IN THE UNITED STATES BANKRUPTCY COURT
FOR THE NORTHERN DISTRICT OF CALIFORNIA
CHARLES and MARGARET SORENSON, No. 1-87-01158
WILLIAM H. McFERREN SR.,
v. A.P. No. 1-87-0189
CHARLES and MARGARET SORENSON,
Memorandum of Decision
Plaintiff originally alleged that his claim against the debtors was nondischargeable for fraud
and defalcation in a fiduciary capacity. At the commencement of trial, he conceded that as a
matter of law his fraud allegations were not actionable. He offered to prove, however, that he
and debtor Charles Sorenson had entered into a partnership to operate a truck, that Sorenson
negligently maintained and later abandoned the truck, and that plaintiff was then forced to find
the truck, repair it, and sell it in order to limit his liability. Upon these facts alone, plaintiff
believes that he is entitled to a judgment of nondischargeability pursuant to section 523(a)(4) of
the Bankruptcy Code.
Plaintiff's basic problem is that he confuses the term "defalcation in a fiduciary capacity" with
"breach of a fiduciary duty." While many relationships give rise to a fiduciary duty, in most of
these situations, including partnerships, a nondischargeable debt does not automatically result
from its breach. 3 Collier on Bankruptcy
(15th Ed.), pp. 523-93 to 94.
The word "defalcation" does not refer to failure to do one's duty, but rather to a mishandling
of money or a failure to account for money or property received. In re Twitchell
1987) 72 B.R. 431, 435, and cases cited therein. California law provides that a partner holds
partnership profits in trust, and any misuse of the funds may result in a nondischargeable debt.
Cal.Corp.Code section 15021; Ragsdale v. Haller
(9th Cir.1986) 780 F.2d 794. This does not
mean, however, that any debt between partners is nondischargeable. Unless there has been
misuse of funds subject to an express trust, there can be no liability under section 523(a)(4).
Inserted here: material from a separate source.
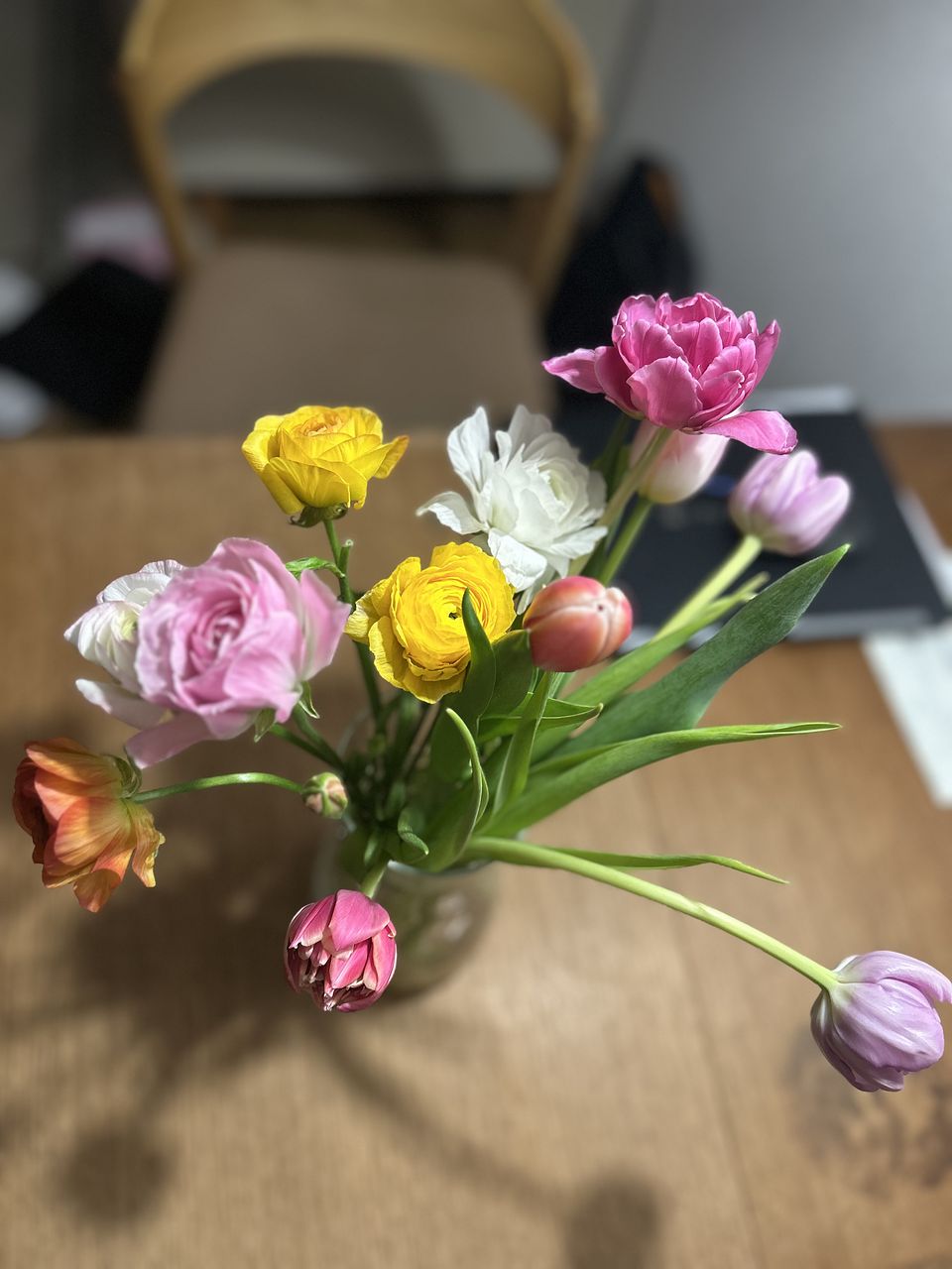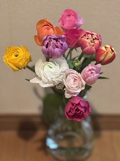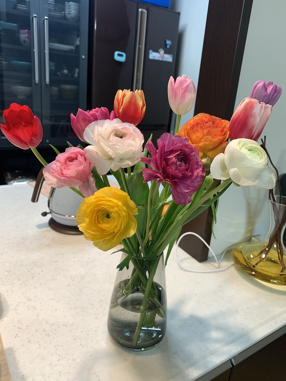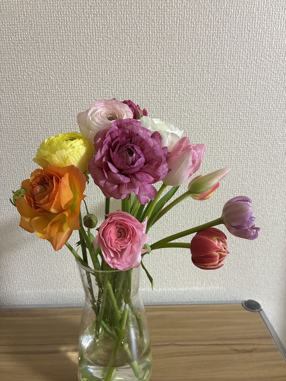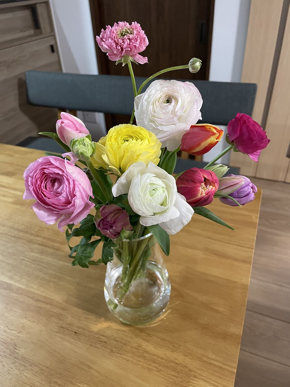 大好きなラナンキュラスが出るのを待ってました!チューリップも種類か混ざっていて可愛いです。カラフルな組み合わせで、見る度に明るい気持ちになります。

Davis v. Aetna Acceptance Co.
(1934) 293 U.S. 328, 333; In re Pedrazzini
(9th Cir.1981) 644
F.2d 756, 759. Liability under section 523(a)(4) arises from the misuse of funds subject to trust,
not the fiduciary relationship itself.
Here, plaintiff does not allege that Sorenson absconded with partnership funds or property
or cannot account for them. Rather, he alleges as dischargeable conduct the debtor's negligent
and irresponsible care for a partnership asset. While such conduct may have been a breach of
Sorenson's fiduciary duty as a partner, it is not a defalcation within the meaning of section
For the above reasons, the Court grants the debtors' motion for judgment. Pursuant to Rule
9021, a separate judgment of dismissal shall be entered.